Flexible self-supporting electrode for high removal performance of arsenic by capacitive deionization

Abstract

Capacitive deionization (CDI) technology has promising applications for the removal of arsenic from micro polluted water. The selection of electrode materials and the fabrication of electrodes are the core parts of the CDI technology. In this paper, the structure of graphene was modulated by inserting carbon quantum dots to form three-dimensional (3-D) rGO/NCDs electrode material and electrospinning method was applied to fabricate monolithic mesh self-supporting electrodes with excellent electrochemical and structure properties.
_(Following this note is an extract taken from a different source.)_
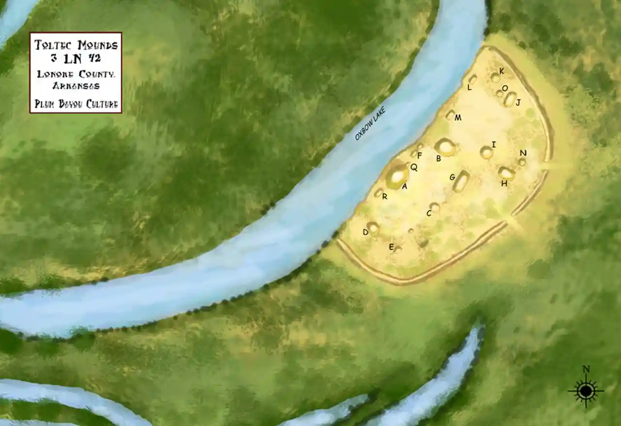 Plum Bayou Mounds Archeological State Park (3 LN 42), formerly known as "Toltec Mounds Archeological State Park", also known as Knapp Mounds, Toltec Mounds or Toltec Mounds site, is an archaeological site from the Late Woodland period in Arkansas that protects an 18-mound complex with the tallest surviving prehistoric mounds in Arkansas. The site is on the banks of Mound Lake, an oxbow lake of the Arkansas River. It was occupied by its original inhabitants from the 7th to the 11th century. The site is designated as a National Historic Landmark. Read more on Wikipedia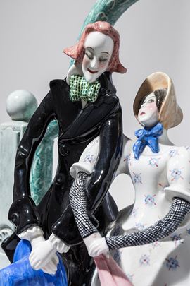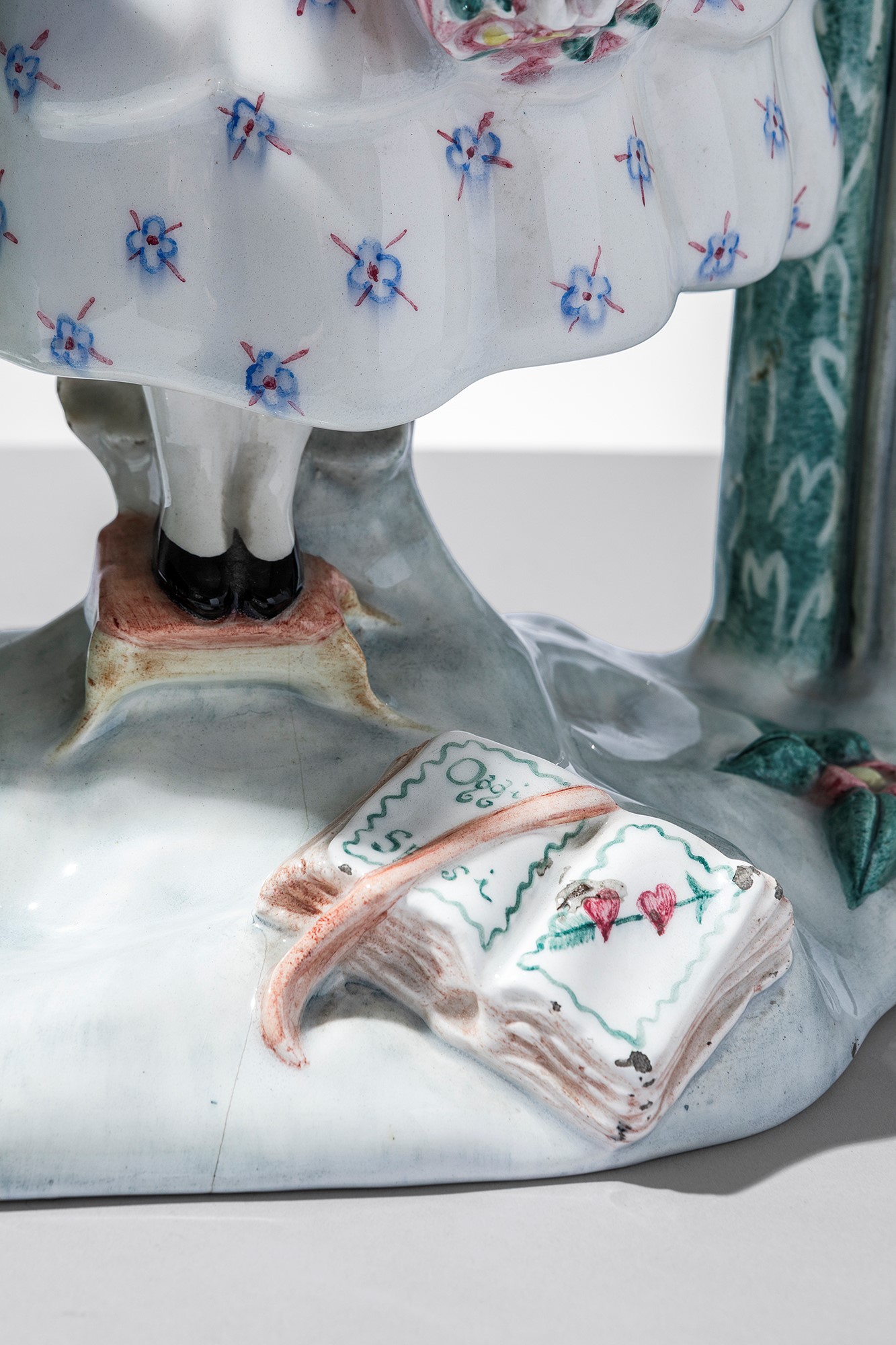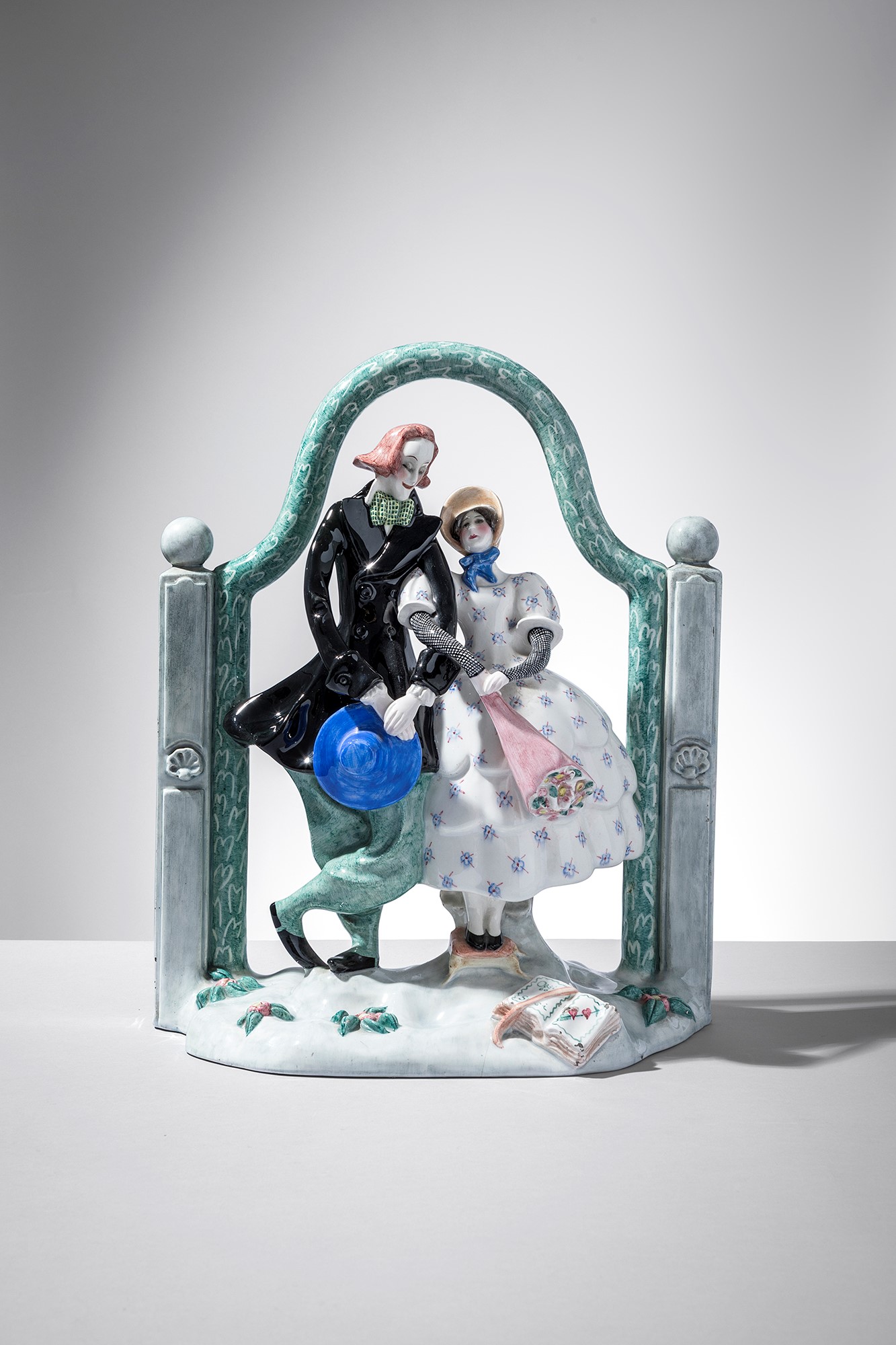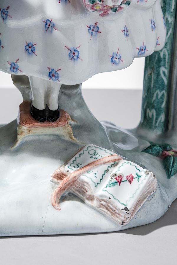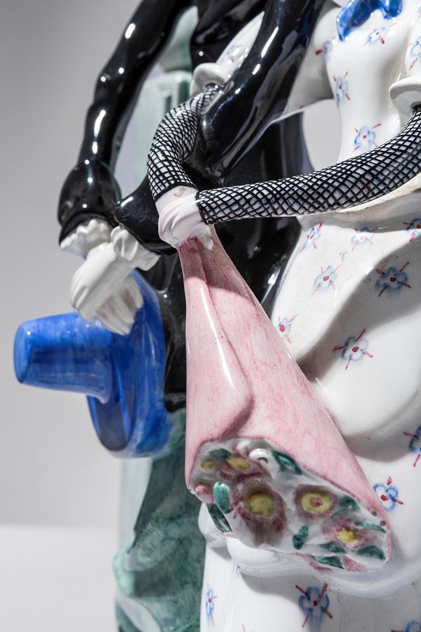 Terraglia modellata a colaggio, decorata in policromia sotto vernice.

In the experiments of arsenic removal, the rGO/NCDs electrode achieved an electrosorption capacity of 15.07 mg g−1 at 1.0 V, increasing by 29.5% compared with that of rGO electrode. In addition, the model fitting analysis of the experimental data showed that arsenic removal was consistent with pseudo-first-order kinetic model and Langmuir adsorption isotherm. The thermodynamic model suggested that electrosorption was a spontaneous exothermic process. The intraparticle diffusion model further revealed the diffusion mechanism of arsenic removal by CDI electrodes. In conclusion, the prepared flexible self-supporting rGO/NCDs electrode with high electrosorption capacity provided a new idea for the electrode preparation process and further promoted the large-scale application of CDI technology.